We know that in Lorentzian signature, fermions are representations of $$$$Spin(3,1)\cong SL(2,\mathbb{C})\cong SU(2)\times SU(2)^*$$$$ where crucially left/right handed fermions are exchanged under complex conjugation. This is what one means by the $$SU(2)^*$$ above. From an operational perspective, we write undotted and dotted indices, $$\psi^\alpha$$ and $$\bar{\chi}_{\dot{\alpha}}$$ to keep track of the left/right handed Weyl spinors. The statement that left/right handed spinors are related by conjugation is then captured by $$(\psi_\alpha)^\dagger=\bar{\psi}_{\dot{\alpha}}$$. An important consequence here is that one can’t write a $$U(1)$$ invariant mass term such as $$\psi \bar{\psi}$$.
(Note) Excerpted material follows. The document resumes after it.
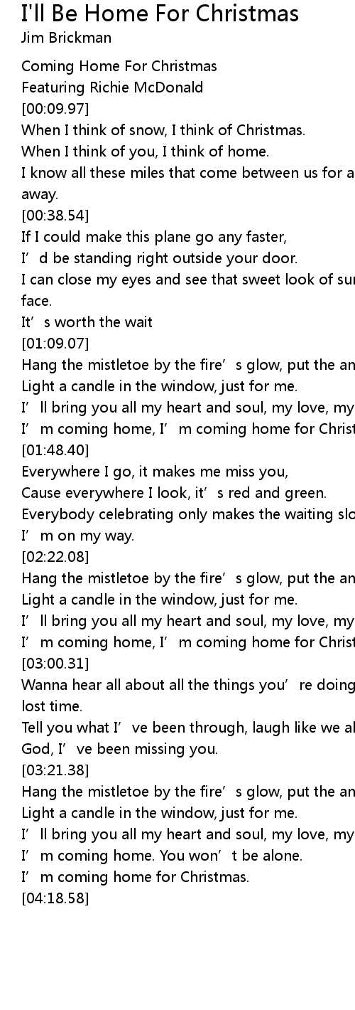 | [01:35.62] | I' m coming home, I' m coming home for Christmas. |

Now if we move to Euclidean signature, fermions transform under $$$$Spin(4)\cong SU(2)\times SU(2)$$$$ and this time we have two independent copies of $$SU(2)$$. This means that left/right handed spinors now do not transform into each other under conjugation. This leads me to the following two questions:

1. Why can I not write a $$U(1)$$ invariant mass term $$\psi \psi^\dagger$$ in Euclidean signature? This to me seems fine as it is just the contraction of a fundamental/anti-fundamental $$SU(2)$$ index?

2. How does this conjugation difference between the two signatures get resolved under Wick rotation? Are there any issues with degrees of freedom on the two sides?